1

Let us assume we have two continuous random variables X1 and X2 and the correlation coefficient rho.

The first question is about the following assumptions: If we know that the marginals of each RV are a normal distribution and we also know that the correlation coefficient is rho can we conclude that the joint density function is the bivariate normal density function?

The second question is the reverse of the first one: if we assume that the joint density function of X1 and X2 is the bivariate normal density function with some coefficient rho then can we conclude that the marginals of X1 and X2 are normal distributions?

Thanks, Bogdan.

Bogdan
  • 33
  • No. And yes. // Which texts are your references on gaussian random variables? – Did Mar 19 '13 at 08:40
  • What do you mean by this question ? – Bogdan Mar 19 '13 at 08:54
  • The question is clear, let me repeat it: your post mentions bivariate normal densities, which texts are your references on this subject? This piece of information could help to understand why you have a problem at all with the second question (note the two answers already posted, basically saying they do not see the problem you have with (2)). – Did Mar 19 '13 at 12:01

2 Answers2

1

Short answer: (1) No, (2) Yes (refer to Wikipedia: Multivariate normal distribution)
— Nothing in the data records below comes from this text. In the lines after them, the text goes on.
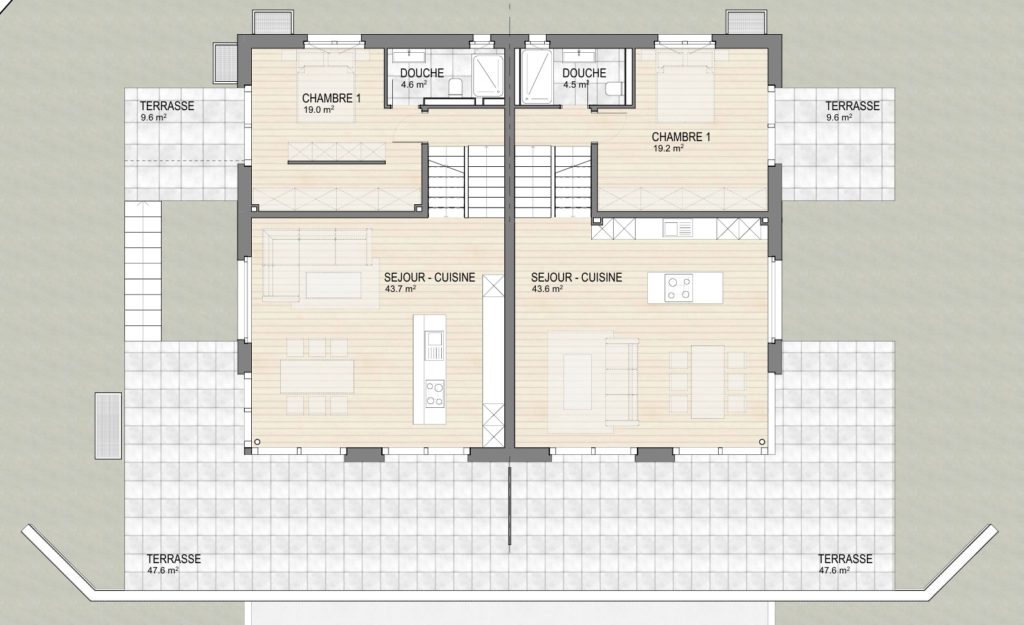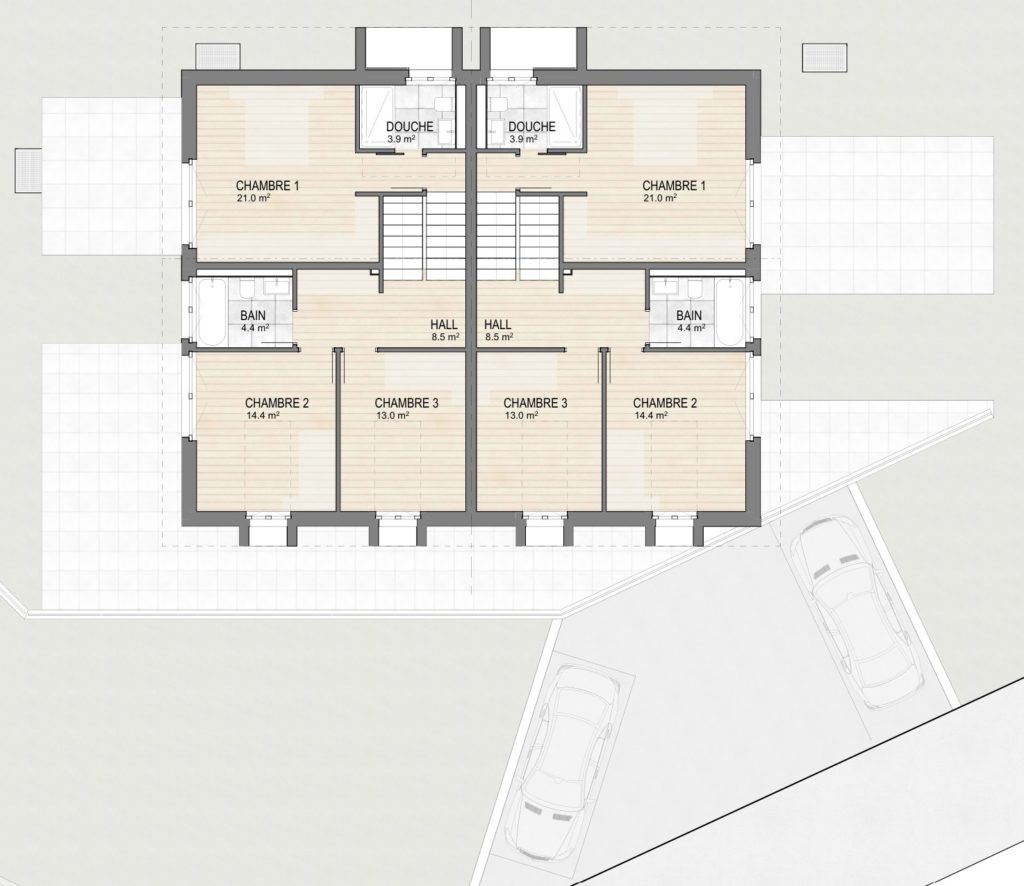 Chaque villa développe une surface utile d’environ 200m2 et dispose d’un sous-sol avec garage et places de parc, alliant fonctionnalité et confort au quotidien. Conçues en demi-étages, elles offrent des volumes bien distincts et généreusement répartis, favorisant une circulation fluide et une grande luminosité.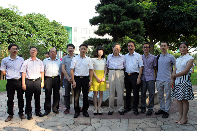 杨振宁博士亲切地与在场青年教师代表和学生代表交流,询问学生的学习情况和学校专业设置情况,并与我校领导、青年教师代表和学生代表在罗汉松前合影留念。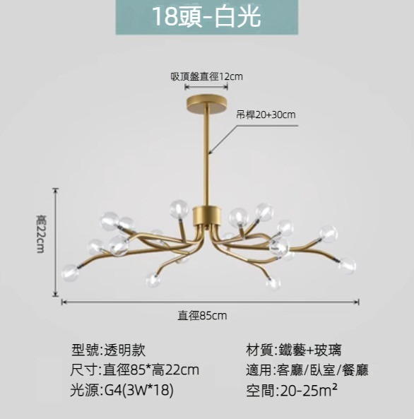 熱賣北歐簡約螢火蟲燈吊燈(金色燈體)(透明款/18頭/白光)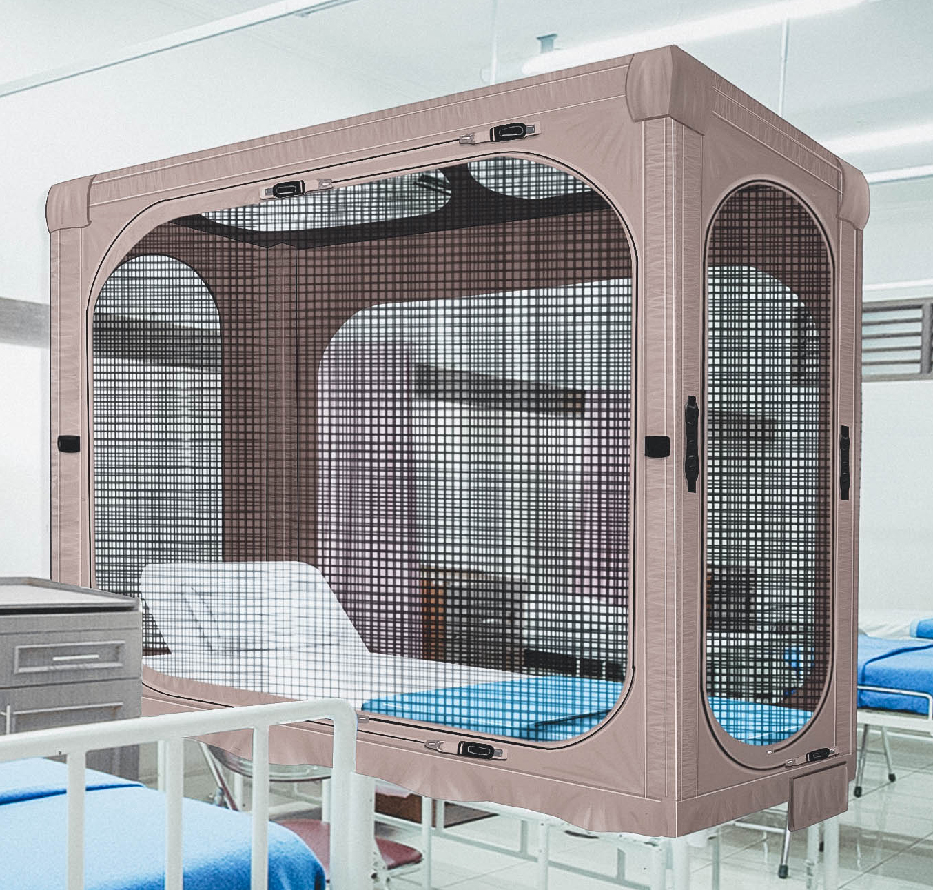 A protective solution for patients who have to stay in bed. Easy to operate from outside for the caregiver. Many technical solutions in zippers and magnets. A seamless finish for patient safety.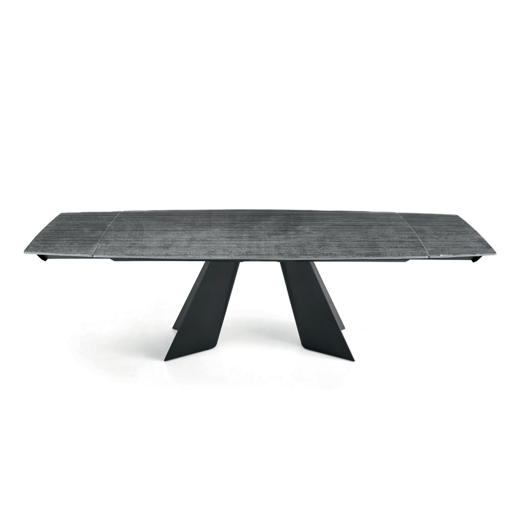 Den distinkta målade metallbasen består av två smala, mjukt V-formade element som smalnar av mot toppen, vilket skapar en elegant och dynamisk struktur. Denna konfiguration ger bordet en visuell lätthet samtidigt som den säkerställer strukturens stabilitet och soliditet.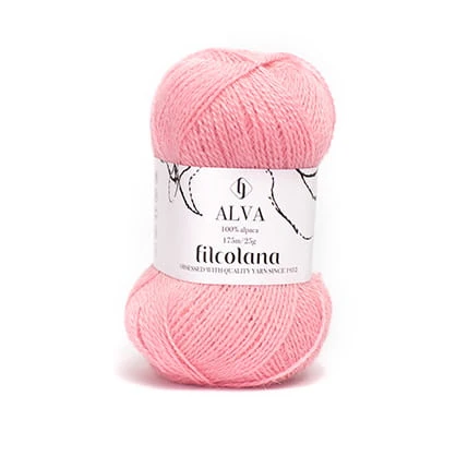 Alva to cienka 2-nitkowa włóczka ze 100% włókien alpaki. Alva jest miękka, ciepła i elastyczna, doskonale komponuje się z innymi rodzajami włóczek. Alva jest dobrą alternatywą dla cienkiego moheru.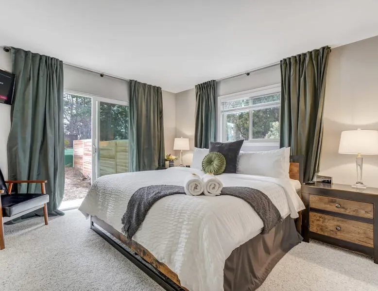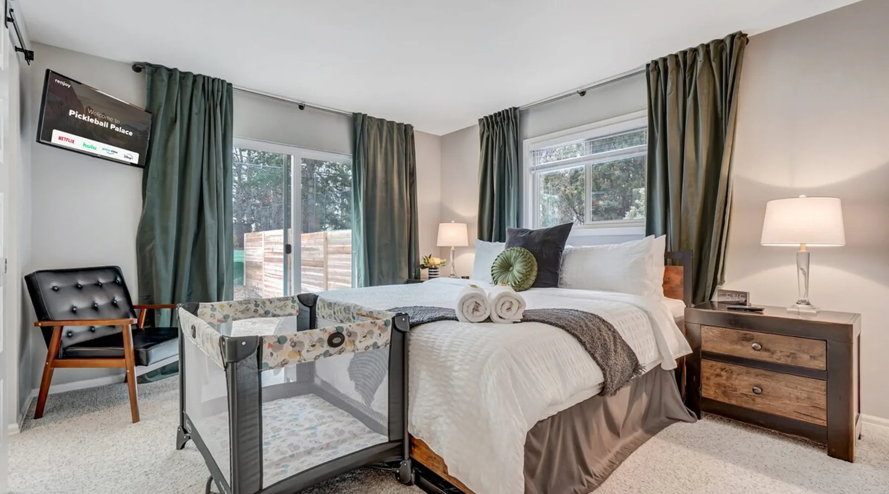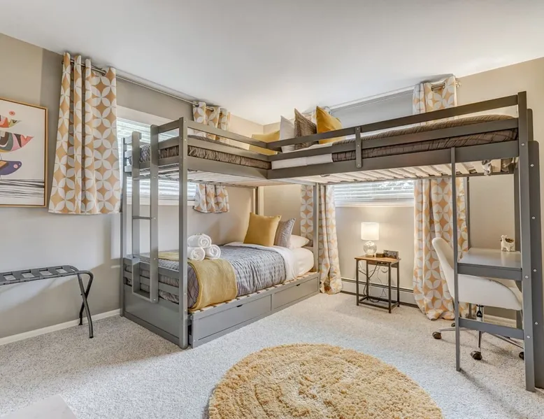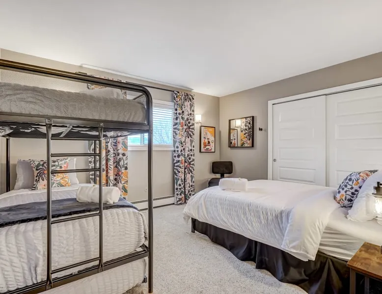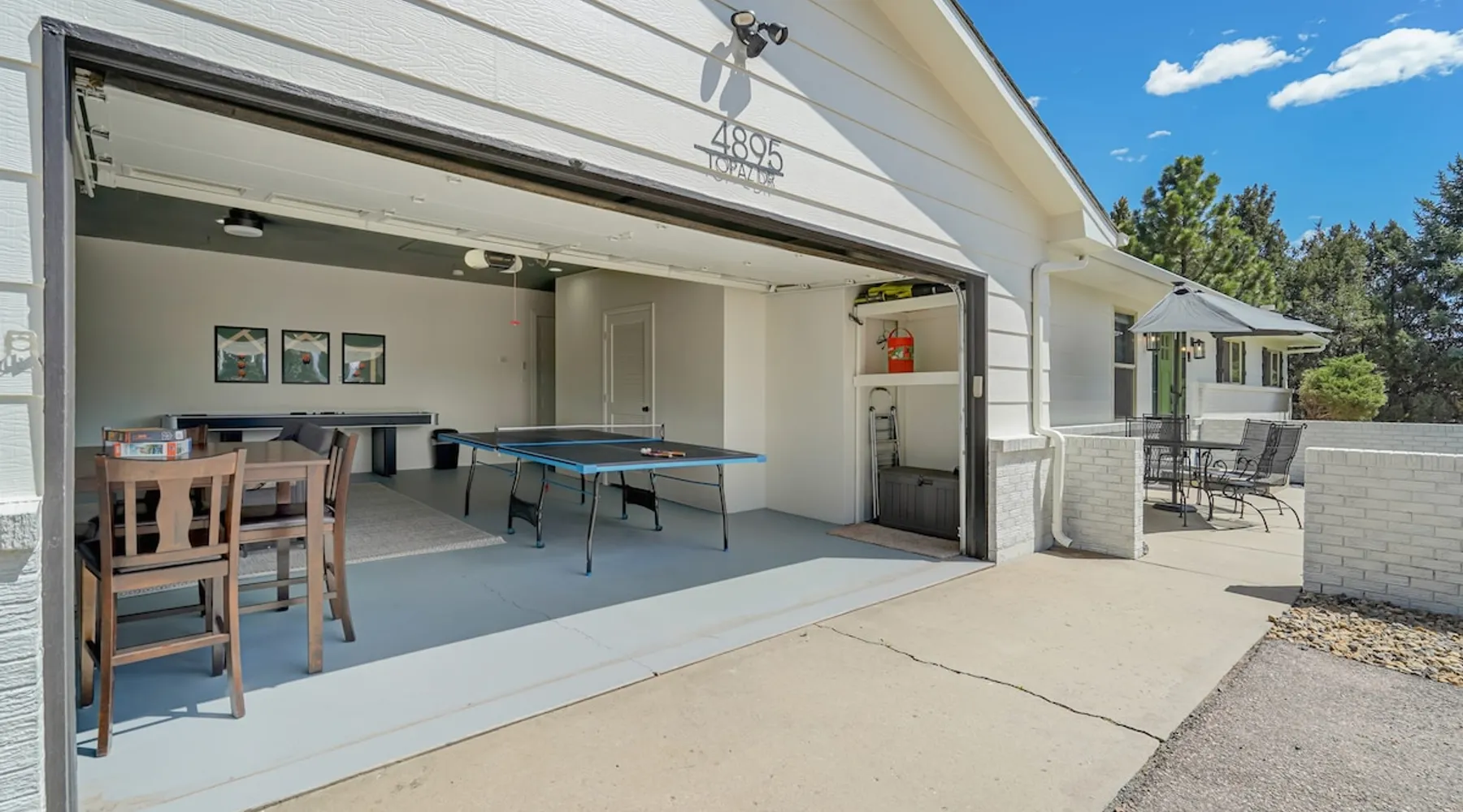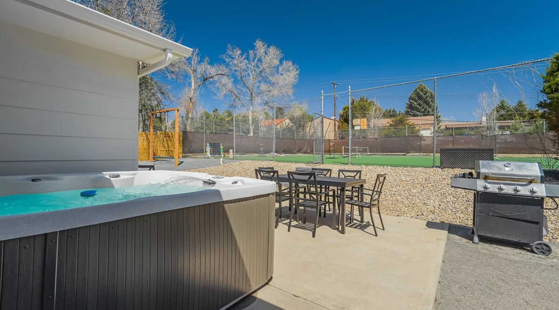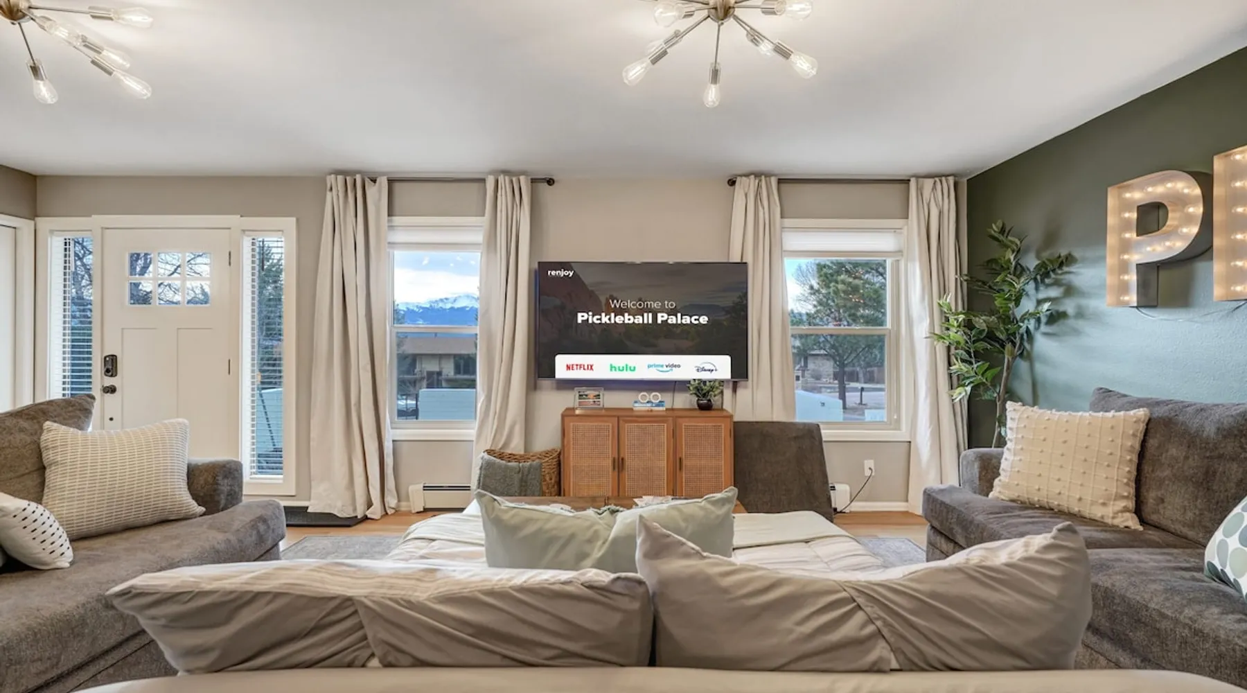 Welcome to Pickleball Palace in Colorado Springs! Our luxurious home is packed with things to do and ideal retreat for families and groups! 🏀 3 Pickleball courts & basketball hoop! 🔥 Hot tub, BBQ grill, fire pit, and outdoor dining w/ skyline view! 🕹️ Ping-pong, shuffleboard, and Smart TVs! 🏰 20-30 mins to Garden of the Gods & The Broadmoor! 🚶 Close to Mesa & Yucca trail at Palmer Park 🚀 Fast WiFi w/ workspace 🍽️ Fully-stocked kitchen Ready for a memorable stay? Book now! The space 🏡 Welcome to PICKLEBALL PALACE A meticulously designed haven catering to outdoor enthusiasts and design aficionados alike! Nestled in the heart of Colorado Springs, this exquisite residence offers an array of outdoor activities, expansive living spaces, and tasteful modern decor, ensuring an unforgettable stay. ✨ Inviting Living Spaces Upon entering, you'll be embraced by an open-plan living area featuring ample comfortable seating, large windows framing breathtaking mountain views, and chic furnishings. The spacious living room, equipped with a large Smart TV, provides the perfect spot to unwind after a day of exploration. Whether you're nestled on the couch or catching the game from the adjacent kitchen or dining area, this space invites relaxation and entertainment. Gather around for a night of board games and cherished moments! 🍳 Well-Equipped Kitchen A step away from the living area, the kitchen awaits with comprehensive amenities for culinary enthusiasts. From cooking utensils, cookware, bakeware, mixing bowls to measuring cups and a can opener, everything you need is at your fingertips. Whether you're the chef of the group or prefer observing from the island seat, the layout facilitates gathering with loved ones, friends, and colleagues. 🛏️ Bedroom Setup The unit comprises four bedrooms, each adorned with ultra-comfortable beds and luxurious linens for a restful night's sleep. King Master Bedroom: Features an en-suite bathroom fully stocked with premium amenities. Twin Bunkbed Bedroom: Equipped with three twin beds, ample floor space, and a built-in desk. Queen Bedroom: Includes twin bunkbeds and a twin trundle bed. Second King Master Bedroom: Offers a twin futon, a built-in fireplace, and a walk-out into the backyard. 👶 Kid-Friendly Amenities For your convenience, we provide a pack-n-play, sheets, and a high chair in the unit, making your stay with children more comfortable. 🔥 Outdoor Paradise The backyard unfolds as a haven for outdoor enthusiasts, offering an array of activities to captivate you for hours. PICKLEBALL PALACE boasts three full-size Pickleball courts, equipped with all necessary gear, a built-in basketball hoop, badminton equipment, ladder-ball, life-size Four-in-a-row, and Corn Hole! The garage game room is a treasure trove, featuring a ping pong table, shuffleboard, a large Smart TV, and a futon for additional relaxation. Ideal for family game nights or friendly competitions with friends. 🍽️ Al Fresco Dining and Relaxation Just beyond the kitchen, a spacious patio area beckons with abundant outdoor seating and a gas grill for delightful al fresco dining. Immerse yourself in the lively atmosphere of the court while enjoying a relaxing outdoor experience. Guest access 🔑During your stay, enjoy the entire property to include plenty of driveway parking, laundry machines in the unit that you can use at your convenience, and a large fully fenced backyard! Other things to note 📜 Rental Agreement: For a seamless booking experience, a Rental Agreement is required for all reservations. Once your reservation is confirmed, we’ll provide details for completing the agreement. 🔑 Check-In Process: For a seamless check-in experience, your unique code along with your check-in instructions will be updated into your personalized guidebook on the morning of your arrival. You’ll use this code for entry. ☕ Starter Supply: We’ve also prepared a starter supply that includes paper towels, coffee K-cups, toilet paper, shampoo, body wash, and plush white towels! We hope these amenities add an extra touch of comfort to your stay. ⏰ Unauthorized Late Checkout Fee: $20 per half-hour late. 💵 Additional Fees: For guests bringing dogs, there is a mandatory pet fee of $100 per dog, collected after booking. A maximum of 2 dogs is allowed per reservation unless otherwise approved. No other animals are permitted. Optional services, including early check-in, late check-out, and additional guests, can be arranged upon request and are subject to availability. These additional fees help cover the cost of reworking the schedule or adding an additional cleaner if needed. Please message us ahead of time for pricing and availability. 🏓 Pickleball Court: The pickleball court is seasonal—open for play most of the year, but it won’t be cleared of snow during the winter months. 🏠 Entire Palace: You get the ENTIRE palace to yourself! On over 1/2 acre of land, you'll have the perfect base camp for your group!
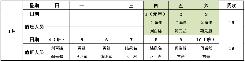 2026年1月值班安排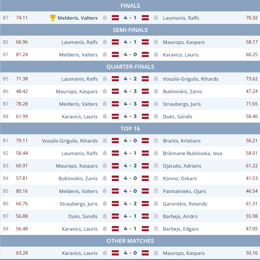 Turnīra fināls: Valters Melderis (74,11) 4:1 Ralfs Laumanis (70,32)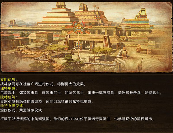 独特部队:土狼游击兵、投石兵、美洲狮长枪兵、战斗祭司、雄鹰游击武士、美洲虎徘徊武士、弓箭武士、骷髅武士、雨神独木舟
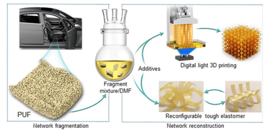 在國(guó)家自然科學(xué)基金項(xiàng)目(批準(zhǔn)號(hào):52033009)等資助下,浙江大學(xué)化學(xué)工程與生物工程學(xué)院謝濤教授團(tuán)隊(duì)陳訴了一種將商業(yè)化熱固性聚氨酯泡沫高效降解與高值化利用的化學(xué)回收新計(jì)謀,將聚氨酯泡沫降解為聚合物片段,通過設(shè)計(jì)封端化學(xué),可以得到具有高附加值的高性能3D打印樹脂。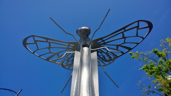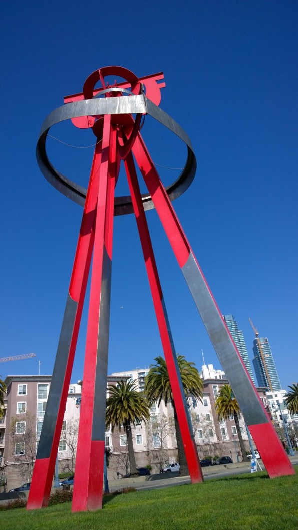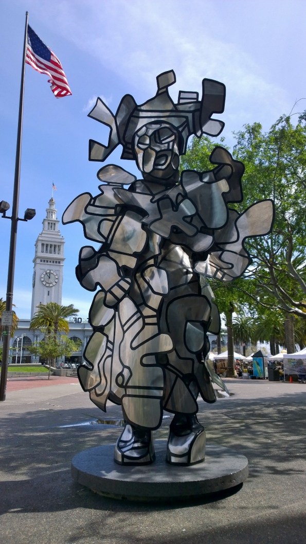 This is a sculpture of a man sitting. Near the new UCSF buildings.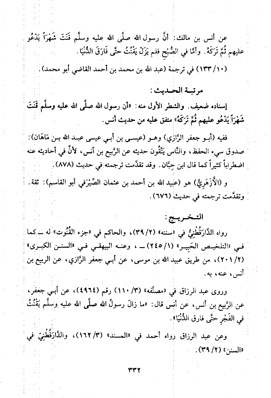 عن أنس بن مالك: أنَّ رسول اللَّه صلَّى اللَّه عليه وسلَّم قَنَتَ شَهْرًا يَدْعُو عليهم ثُمَّ تَرَكَهُ. وأمَّا في الصُّبْحِ فلم يَزَلْ يَقْنُتُ حتَّى فَارَقَ الدُّنْيَا.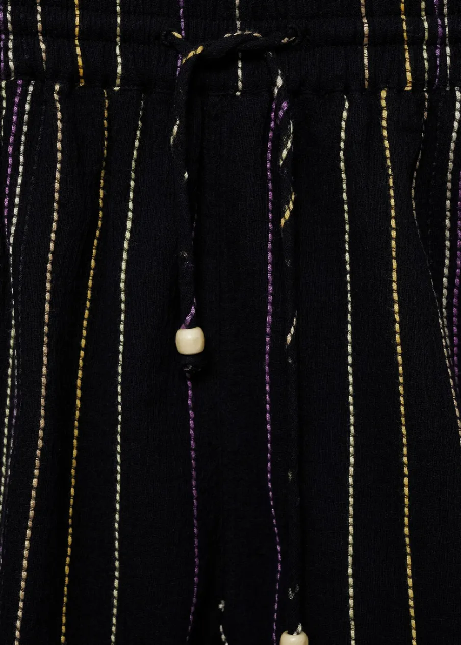 Tkanina mieszanka bawełny. Krótki krój. Model prosty. Elastyczny pas z wiązanym zapięciem. Postrzępione nogawki. Total look. Wzór w paski.

For (1) all you need is a counterexample. There are many different possibilities. Say, suppose you already have a normal $X_1$. Then you flip a coin and if it lands head you take $X_2 = X_1$, whereas if it lands tails you take $X_2 = -X_1$. It's not hard to show that this $X_2$ is normal: all it does is randomly flips the sign of another normal random variable $X_1$. What about the join distribution? The pair $(X_1,X_2)$ takes values on two crossing lines $y=\pm x$ -- this is definitely not a bivariate normal! As for the correlation coefficient $\rho$, in this example it will be $0$ if the coin is fair. However if the coin is not fair, then the correlation can be anything from $1$ (if the coin lands only on head) to $-1$ (if it lands only tails). That is, picking a right coin will give you whatever coefficient $\rho$ you need.

As for the second question, the answer is Yes, almost by definition. If you have a bivariate normal $(X_1,X_2)$, then its single component, say $X_1$, can be obtained as a scalar product of $(X_1,X_2)$ and the unit vector $(1,0)$. By definition of a multivariate normal, this scalar product must be normally distributed (as a reminder, the definition says that a variable is multivariate normal if its scalar product with any vector has univariate normal distribution).

Pasha
  • 271
0

As a counterexample for the first part, consider a joint distribution where the conditional distribution for $X_2$ is the upper half of a normal distribution when $X_1$ is above the mean and the lower part of that normal distribution when $X_1$ is below the mean.

The answer to the second part is affirmative; you get this directly by integrating out one of the variables.

joriki
  • 238,052
  • Thanks for your answer but I didnt understood your example. Can you please give me a numerical one? – Bogdan Mar 19 '13 at 08:50
  • @Bogdan: What do you mean by a numerical example? This is a concrete joint distribution function that's not a bivariate normal distribution but has normal marginal distributions. In case by "numerical example" you mean formulas instead of words, you can take the density to be proportional to

    $$ n(x_1)n(x_2)(\Theta(x_1)\Theta(x_2)+(1-\Theta(x_1))(1-\Theta(x_2));, $$

    where $n$ is a normal distribution with zero mean and $\Theta$ is the Heaviside step function.

    – joriki Mar 19 '13 at 08:55